→ **Information provided**
......
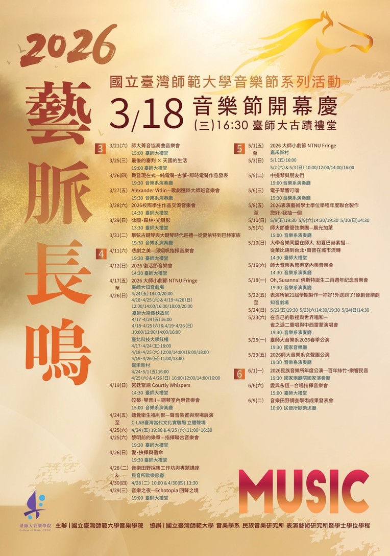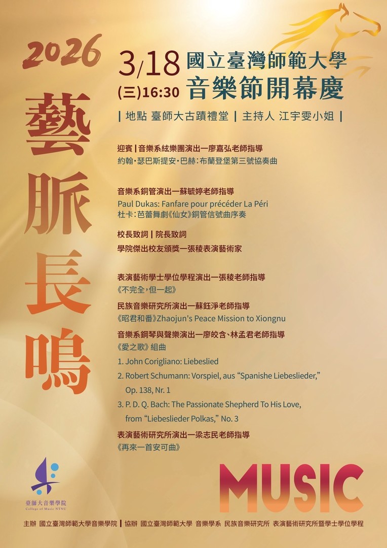 一、本校音樂學院暨系所於本(115)年3月18日16:30假本校禮堂舉辦「2026師大音樂節開幕慶」;3月21日起至6月9日舉辦「2026師大音樂節系列活動」共31項78場次展演,假國家音樂廳及本校禮堂、音樂系演奏廳、知音劇場等展演場地舉辦,大部分活動為免費自由入場,歡迎蒞臨欣賞並請協助宣傳。
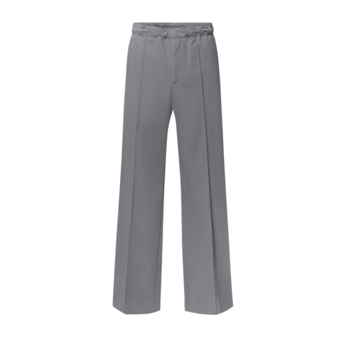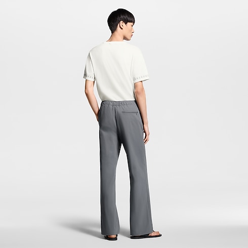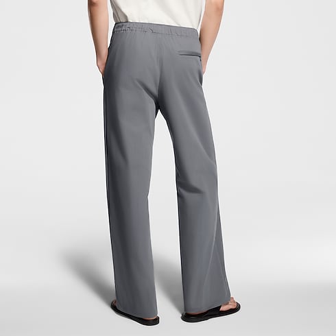 這款淡灰色抽繩長褲以輕盈棉質混紡緞布縐綢裁製,完美糅合正裝與休閒風格,塑造隨性優雅的造型。垂墜流暢的廓形配有舒適的彈性褲腰及正面壓褶,左邊褲管飾以運動風矽膠印花Louis Vuitton標誌,增添現代時尚細節。長褲能完美襯托本系列的花卉圖案,非常適合於春日穿著,盡顯高雅品味。
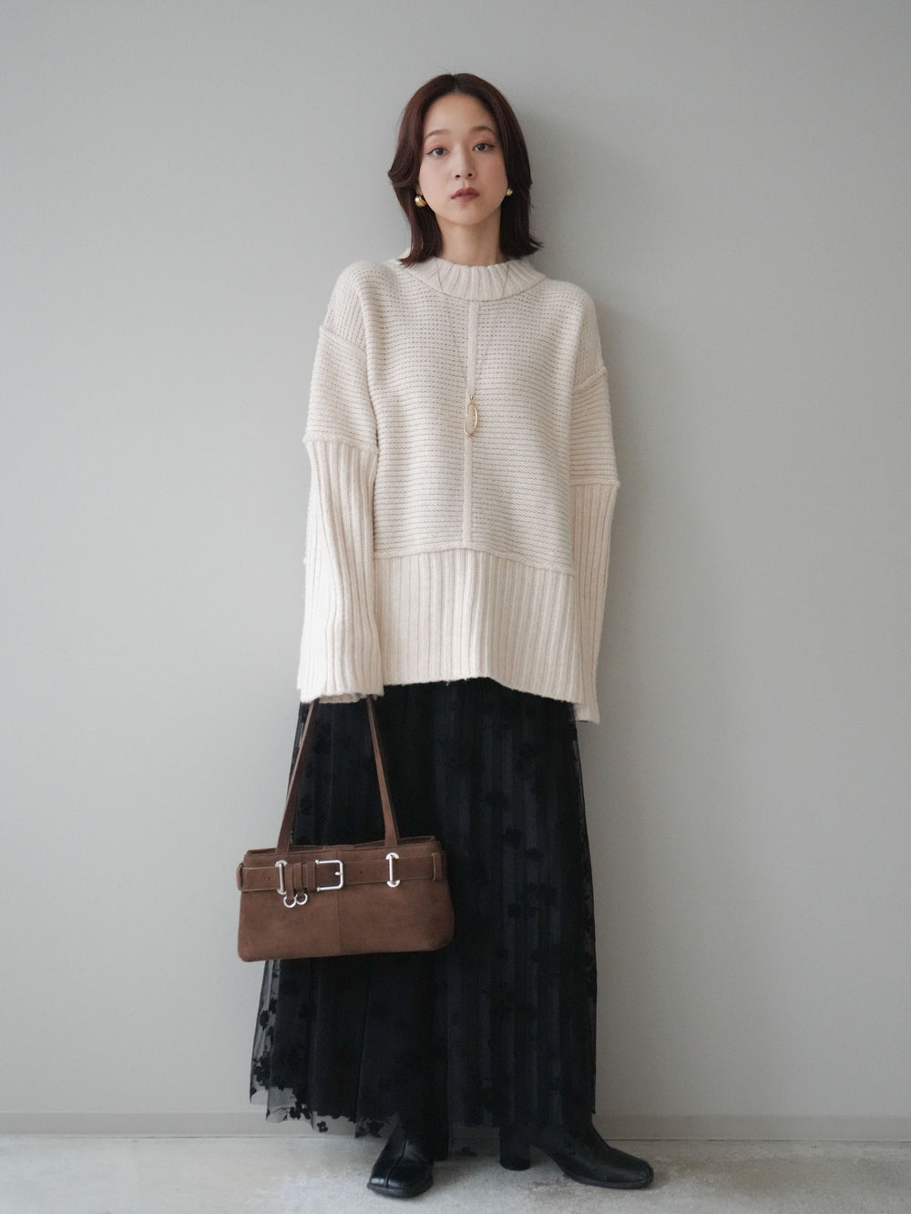 [SET]編み地切替ボトルネックニットプルオーバー+編み地切替ボトルネックニットプルオーバー(2set)
......
→ **What needs to be done**
When you write out the material, reproduce each line exactly and omit any picture it holds.

→ **Task solution**
 一、本校音樂學院暨系所於本(115)年3月18日16:30假本校禮堂舉辦「2026師大音樂節開幕慶」;3月21日起至6月9日舉辦「2026師大音樂節系列活動」共31項78場次展演,假國家音樂廳及本校禮堂、音樂系演奏廳、知音劇場等展演場地舉辦,大部分活動為免費自由入場,歡迎蒞臨欣賞並請協助宣傳。
 這款淡灰色抽繩長褲以輕盈棉質混紡緞布縐綢裁製,完美糅合正裝與休閒風格,塑造隨性優雅的造型。垂墜流暢的廓形配有舒適的彈性褲腰及正面壓褶,左邊褲管飾以運動風矽膠印花Louis Vuitton標誌,增添現代時尚細節。長褲能完美襯托本系列的花卉圖案,非常適合於春日穿著,盡顯高雅品味。
 [SET]編み地切替ボトルネックニットプルオーバー+編み地切替ボトルネックニットプルオーバー(2set)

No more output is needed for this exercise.